Provided material:

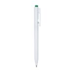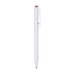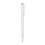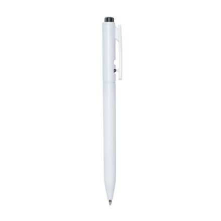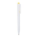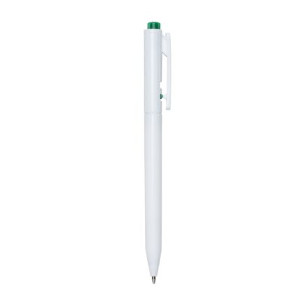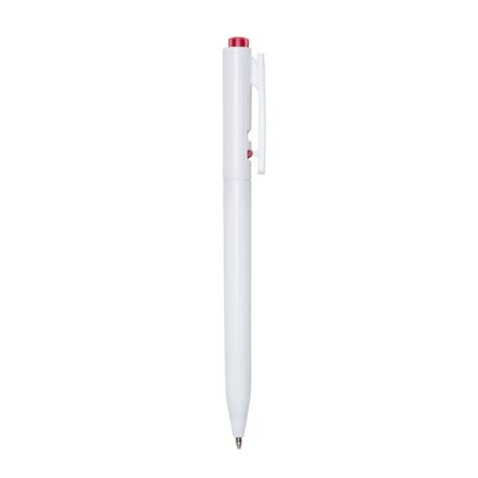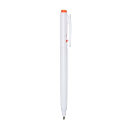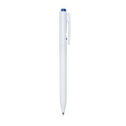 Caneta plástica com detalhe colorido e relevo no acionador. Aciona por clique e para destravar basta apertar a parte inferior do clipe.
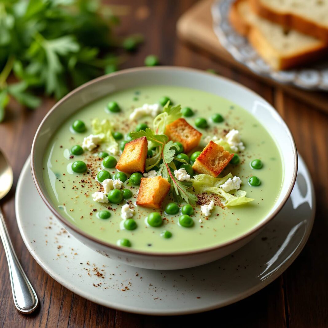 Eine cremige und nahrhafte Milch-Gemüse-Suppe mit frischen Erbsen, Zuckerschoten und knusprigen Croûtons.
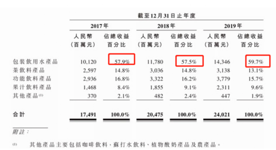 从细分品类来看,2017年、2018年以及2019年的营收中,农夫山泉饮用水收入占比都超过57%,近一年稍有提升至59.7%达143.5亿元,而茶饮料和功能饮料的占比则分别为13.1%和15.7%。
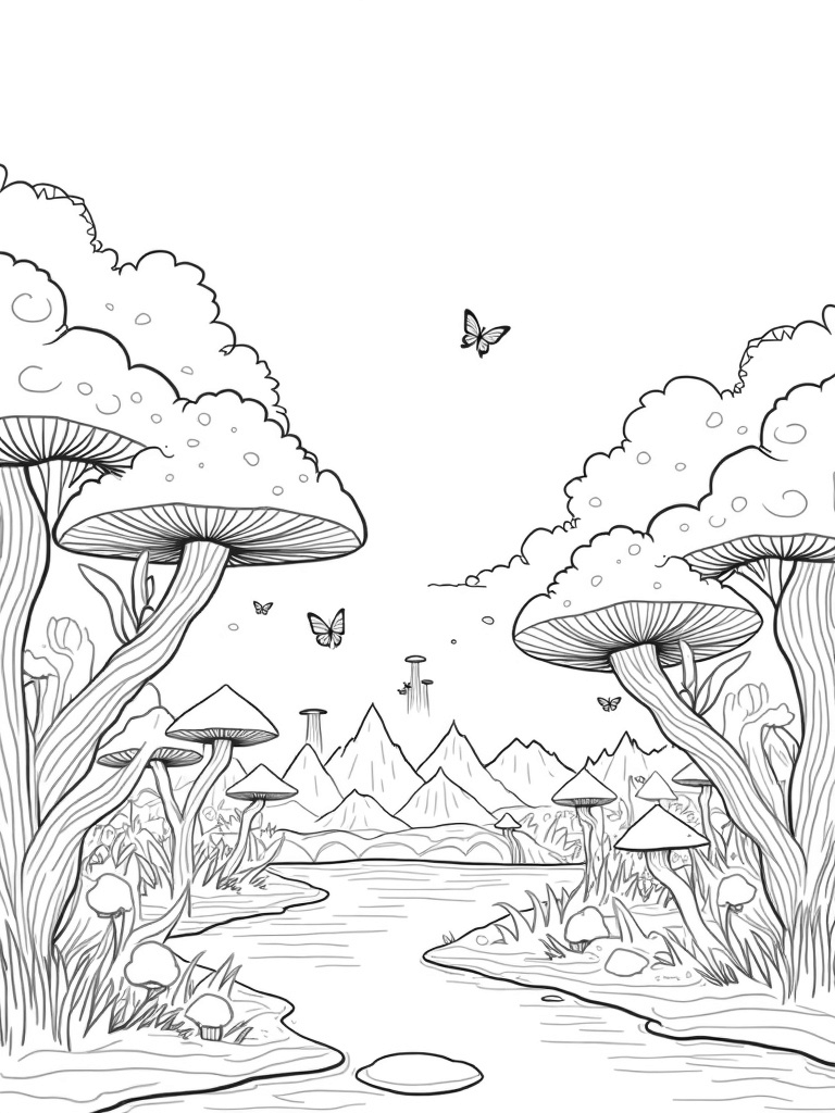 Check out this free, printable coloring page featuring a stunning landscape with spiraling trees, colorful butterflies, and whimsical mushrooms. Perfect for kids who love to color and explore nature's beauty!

--

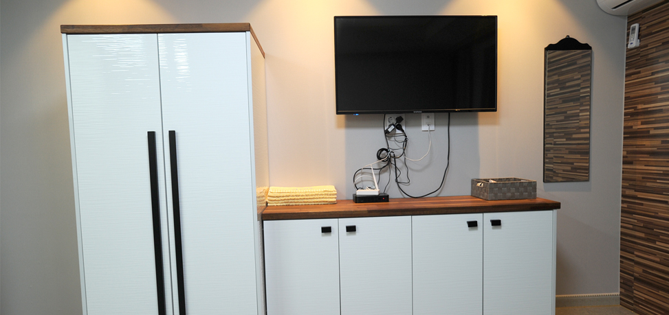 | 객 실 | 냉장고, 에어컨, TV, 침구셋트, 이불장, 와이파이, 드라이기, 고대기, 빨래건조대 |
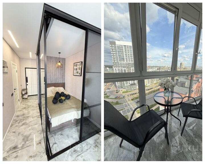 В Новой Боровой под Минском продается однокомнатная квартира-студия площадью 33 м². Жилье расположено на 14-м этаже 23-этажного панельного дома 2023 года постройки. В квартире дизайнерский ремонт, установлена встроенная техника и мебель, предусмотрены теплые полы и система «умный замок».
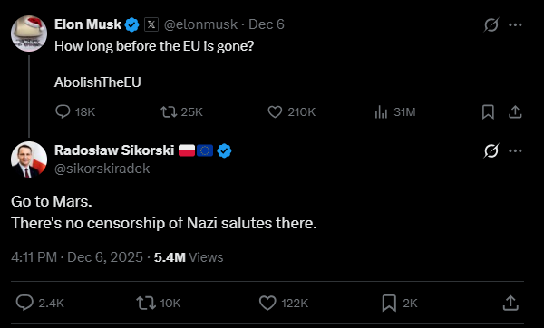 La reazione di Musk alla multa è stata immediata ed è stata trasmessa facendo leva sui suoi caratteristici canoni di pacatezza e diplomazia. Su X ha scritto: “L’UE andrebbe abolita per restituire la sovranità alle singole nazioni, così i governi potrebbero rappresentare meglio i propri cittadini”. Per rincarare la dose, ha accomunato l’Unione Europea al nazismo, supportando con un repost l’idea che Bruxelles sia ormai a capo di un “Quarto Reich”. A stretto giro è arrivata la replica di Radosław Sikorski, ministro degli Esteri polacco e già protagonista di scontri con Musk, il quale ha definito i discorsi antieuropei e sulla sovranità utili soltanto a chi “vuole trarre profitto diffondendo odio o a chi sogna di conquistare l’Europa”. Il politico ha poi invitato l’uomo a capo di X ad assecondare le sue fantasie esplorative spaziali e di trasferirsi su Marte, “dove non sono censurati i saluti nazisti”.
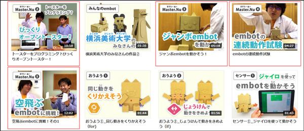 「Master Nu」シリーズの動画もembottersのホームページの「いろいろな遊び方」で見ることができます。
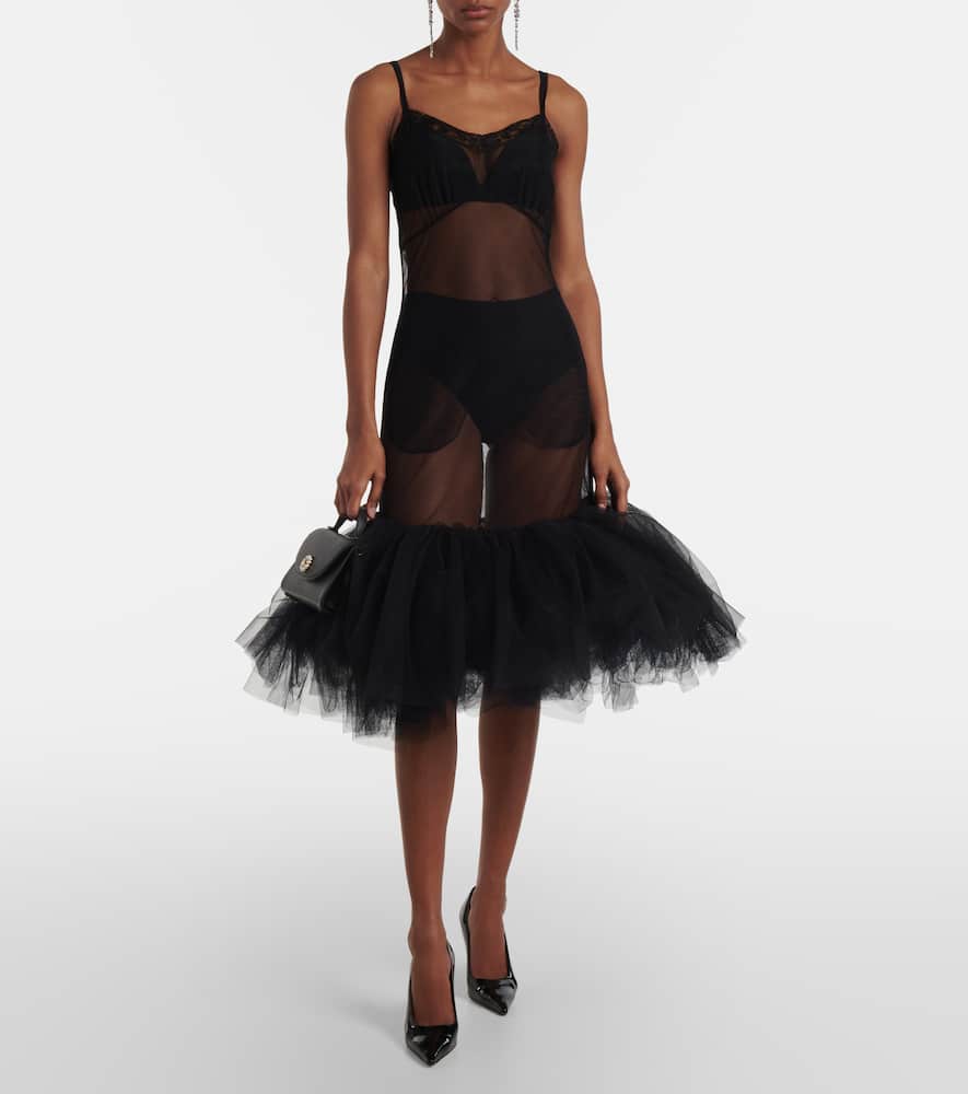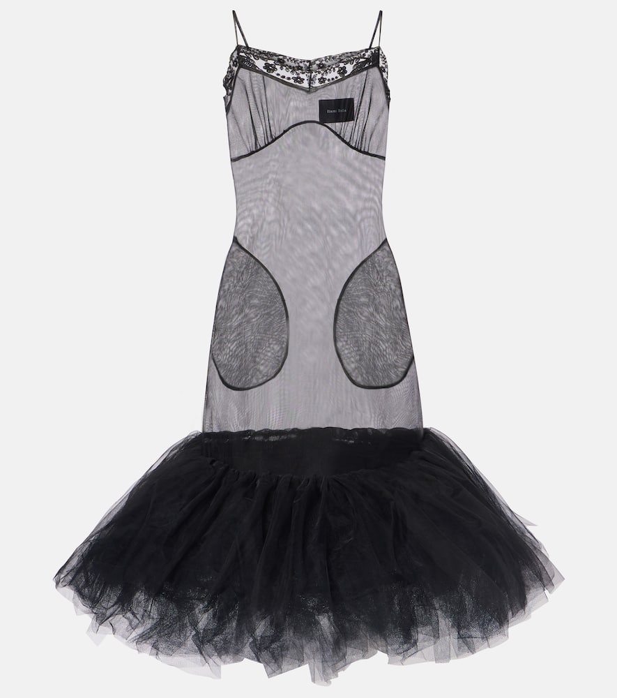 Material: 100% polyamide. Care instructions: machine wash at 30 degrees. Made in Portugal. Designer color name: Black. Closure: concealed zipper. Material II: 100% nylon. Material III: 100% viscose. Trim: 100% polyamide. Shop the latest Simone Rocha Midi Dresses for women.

What you should do:
Copy only this from above: the line containing "Caneta plástica com", the line containing "Check out this", and all lines between, printed exactly. Leave out the pictures.

Answer box:
 Caneta plástica com detalhe colorido e relevo no acionador. Aciona por clique e para destravar basta apertar a parte inferior do clipe.
 Eine cremige und nahrhafte Milch-Gemüse-Suppe mit frischen Erbsen, Zuckerschoten und knusprigen Croûtons.
 从细分品类来看,2017年、2018年以及2019年的营收中,农夫山泉饮用水收入占比都超过57%,近一年稍有提升至59.7%达143.5亿元,而茶饮料和功能饮料的占比则分别为13.1%和15.7%。
 Check out this free, printable coloring page featuring a stunning landscape with spiraling trees, colorful butterflies, and whimsical mushrooms. Perfect for kids who love to color and explore nature's beauty!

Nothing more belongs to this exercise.